You can handle events through the onEvent option:

chrome.tts.speak('This is a longer text that will take some time to speak', {
  onEvent: function(event) {
    if (event.type === 'start') {
      console.log('Speech started');
    } else if (event.type === 'word') {
      console.log('Word spoken:', event.charIndex, event.charLength);
    } else if (event.type === 'end') {
      console.log('Speech completed');
    } else if (event.type === 'error') {
      console.error('TTS Error:', event.errorMessage);
    }
  }
});

Practical Event Handling Example

Here’s a more practical example that uses events to synchronize speech with visual feedback:

function speakWithProgress(text, onWord, onComplete) {
  chrome.tts.speak(text, {
    onEvent: function(event) {
      if (event.type === 'word' && onWord) {
        // Highlight the word being spoken
        onWord(event.charIndex, event.charLength);
      } else if (event.type === 'end' && onComplete) {
        onComplete();
      }
    }
  });
}

// Usage
speakWithProgress(
  'The quick brown fox jumps over the lazy dog',
  function(wordIndex, wordLength) {
    console.log('Currently speaking word at position:', wordIndex);
  },
  function() {
    console.log('Finished speaking');
  }
);

Managing Speech Queue

The Chrome TTS API automatically queues multiple speak requests, allowing you to queue several messages without waiting for each to complete.

Understanding the Queue

When you call speak() while another utterance is in progress, the new utterance is added to the queue:

chrome.tts.speak('First message');
chrome.tts.speak('Second message');
chrome.tts.speak('Third message');

These messages will be spoken sequentially in the order they were queued.
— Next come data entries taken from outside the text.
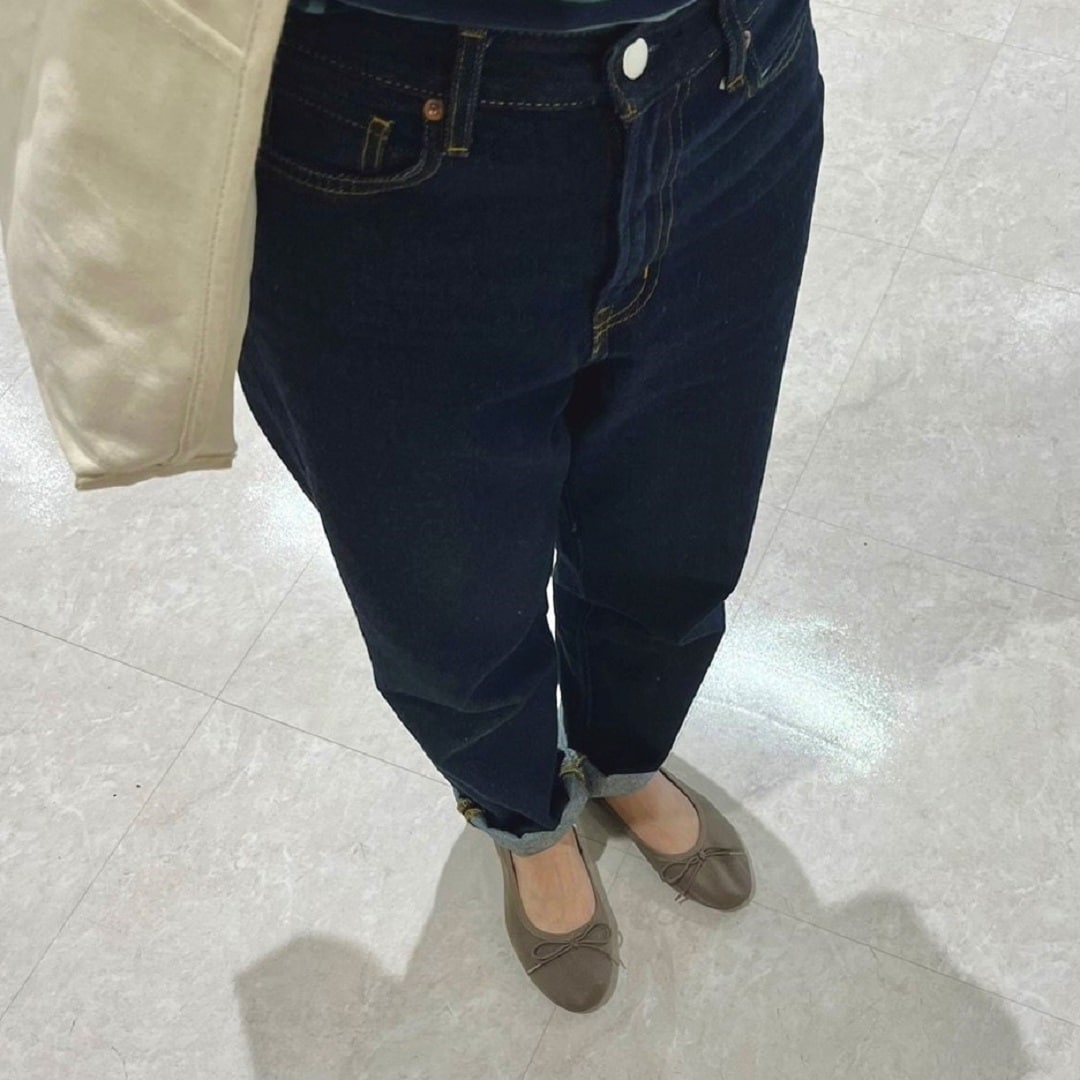 デニムレギュラーパンツ 股下72 ブルー 婦人24(61cm)・ダークネイビー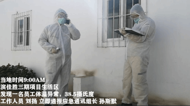 濱佳勝三期項目團隊從實際出發(fā),為應(yīng)急演練做了充分的戰(zhàn)術(shù)準(zhǔn)備,經(jīng)過周密的部署安排,應(yīng)急演練于當(dāng)?shù)貢r間3月11日上午8時30分正式開始。本次演練由日常體溫檢測、突發(fā)事件報警、接警與應(yīng)急程序啟動、潛在感染者運送就醫(yī)、密切接觸者隔離、車輛及行動軌跡消毒、事件上報及群眾安撫等8個環(huán)節(jié)組成。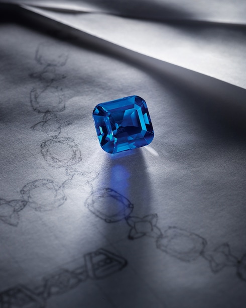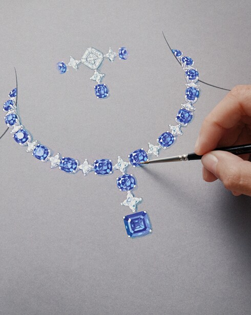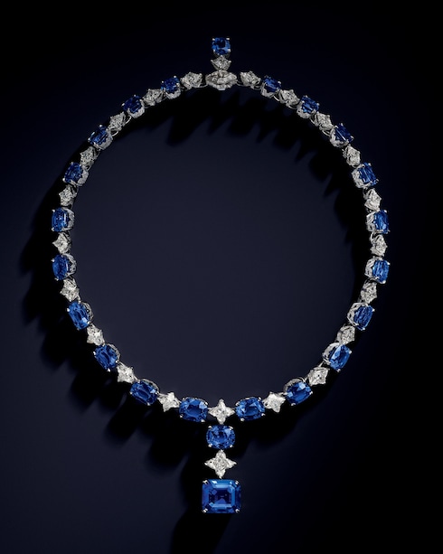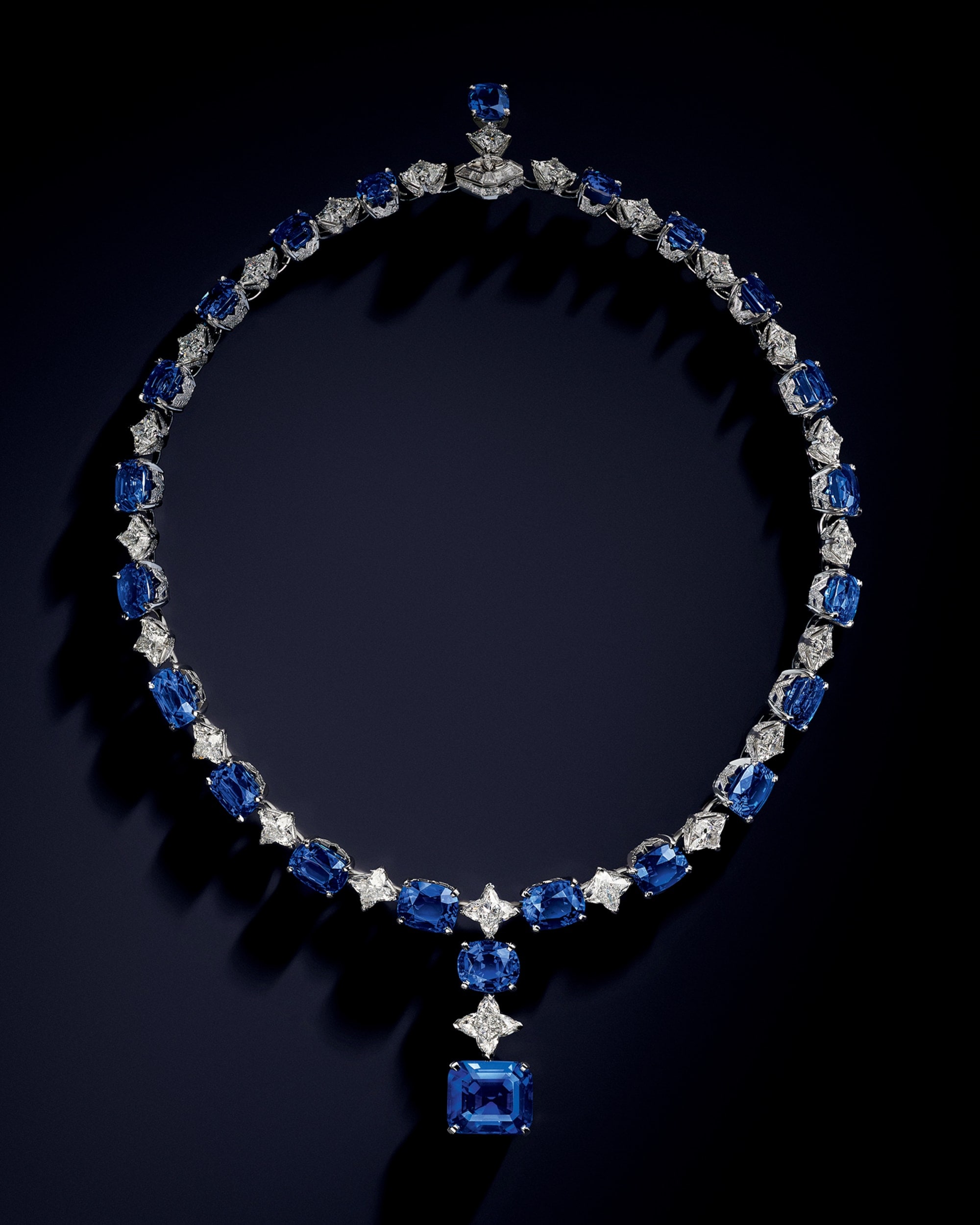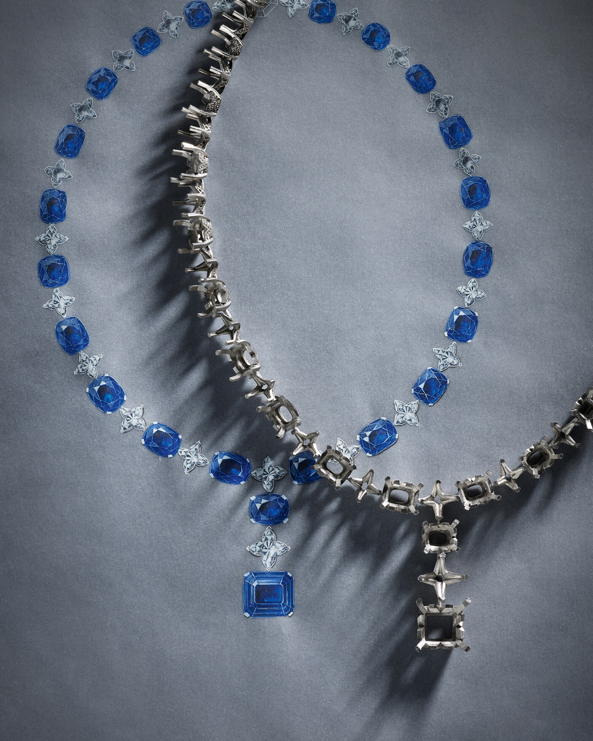 路易威登 Aster 頸鏈鑲嵌多顆稀世罕有、教人夢寐以求的喀什米爾藍寶石,呈現深邃的皇家藍色。合共 23 顆藍寶石重達 125 克拉,包括一顆份量驚人的 17.88 克拉主石,未經加工的純天然寶石散發星光般的醉人光芒。這些珍貴寶石每一顆在色澤、形狀和剔透度方面也如出一轍,成就瑰麗不凡的優雅珠寶,印證客戶在臻選寶石方面的品味慧眼和對完美的堅持。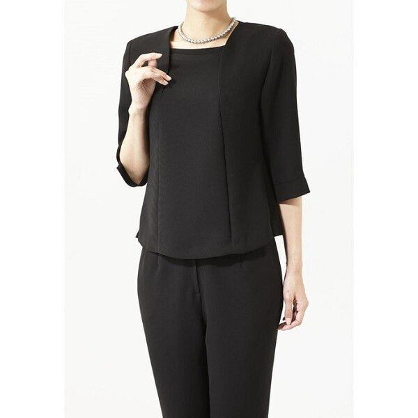 【送料無料】日本製 レディース 喪服 礼服 ブラックフォーマル パンツ スリーピース 3点セット 冠婚葬祭 2141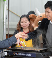 2014.01.27 12: 47한우 먹여주는 이승기, '미소는 덤으로~'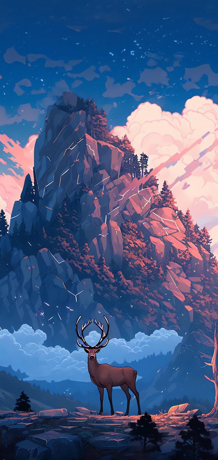 Обои: олень, гора, пейзаж - 720x1520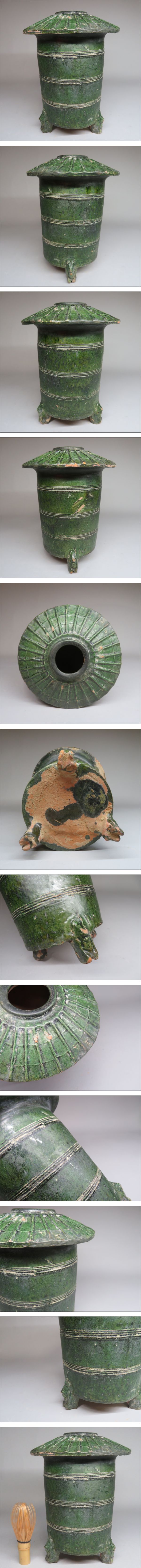 「都内コレクター所蔵品」3-3 漢時代 緑釉三足穀倉壺 中国美術 東漢時代 ◆加彩 花瓶 発掘 彩文土器 彩陶壺lot:92515 收藏

Controlling Queue Behavior

You can control queue behavior using the queueName parameter:

// Using different queues
chrome.tts.speak('Message A', { queueName: 'queue1' });
chrome.tts.speak('Message B', { queueName: 'queue2' });
// These two queues play simultaneously (not recommended)

// Clearing queue before speaking
chrome.tts.speak('New message', { enqueue: false });
// This replaces any queued messages

The enqueue option (when set to false) clears the queue before speaking the new text, which is useful for urgent announcements.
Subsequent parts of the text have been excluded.